▸ Supplied records
--------------------------------

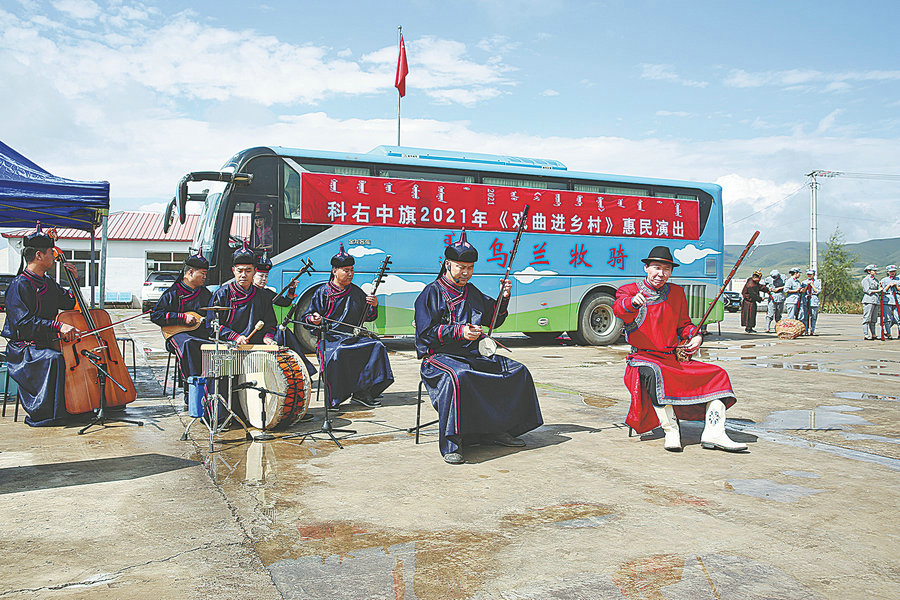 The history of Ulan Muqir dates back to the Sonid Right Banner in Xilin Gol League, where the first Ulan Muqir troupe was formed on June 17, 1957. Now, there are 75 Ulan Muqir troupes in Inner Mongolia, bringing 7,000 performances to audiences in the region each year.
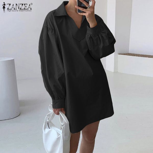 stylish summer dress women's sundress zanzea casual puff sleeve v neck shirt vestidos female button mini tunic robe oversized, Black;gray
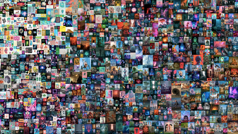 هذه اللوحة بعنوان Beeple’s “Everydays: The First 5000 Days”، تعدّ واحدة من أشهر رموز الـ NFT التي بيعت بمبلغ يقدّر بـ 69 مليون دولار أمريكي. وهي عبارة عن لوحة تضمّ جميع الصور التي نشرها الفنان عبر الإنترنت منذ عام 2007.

--------------------------------

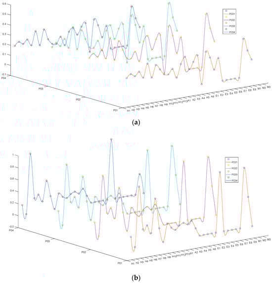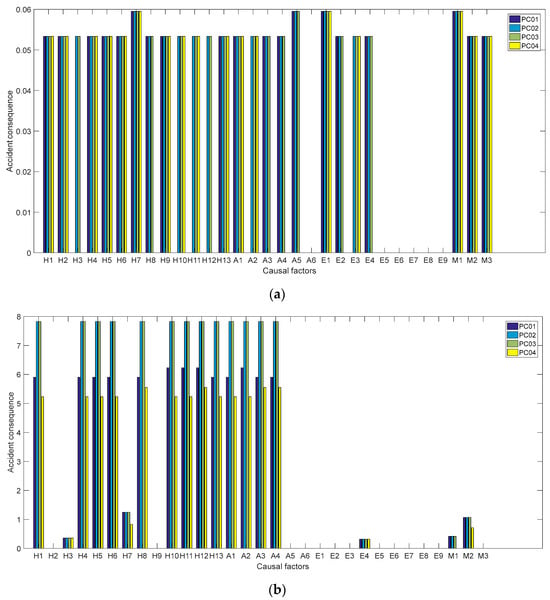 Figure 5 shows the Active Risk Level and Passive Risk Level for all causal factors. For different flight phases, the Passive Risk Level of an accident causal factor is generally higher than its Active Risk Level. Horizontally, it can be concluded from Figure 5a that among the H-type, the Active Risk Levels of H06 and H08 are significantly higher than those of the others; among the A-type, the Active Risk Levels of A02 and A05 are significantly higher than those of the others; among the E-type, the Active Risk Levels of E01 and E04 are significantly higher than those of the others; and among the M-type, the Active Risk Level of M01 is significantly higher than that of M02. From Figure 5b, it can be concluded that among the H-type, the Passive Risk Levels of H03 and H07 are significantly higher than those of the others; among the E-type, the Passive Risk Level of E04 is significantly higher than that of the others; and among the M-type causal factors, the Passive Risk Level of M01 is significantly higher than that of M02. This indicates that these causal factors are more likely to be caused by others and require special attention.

--------------------------------

▸ Exercise aim
Both boundary lines included, write out word for word only the lines above from the one containing "stylish summer dress" to the one containing "هذه اللوحة بعنوان", leaving out any pictures.

▸ Result for this exercise
 stylish summer dress women's sundress zanzea casual puff sleeve v neck shirt vestidos female button mini tunic robe oversized, Black;gray
 هذه اللوحة بعنوان Beeple’s “Everydays: The First 5000 Days”، تعدّ واحدة من أشهر رموز الـ NFT التي بيعت بمبلغ يقدّر بـ 69 مليون دولار أمريكي. وهي عبارة عن لوحة تضمّ جميع الصور التي نشرها الفنان عبر الإنترنت منذ عام 2007.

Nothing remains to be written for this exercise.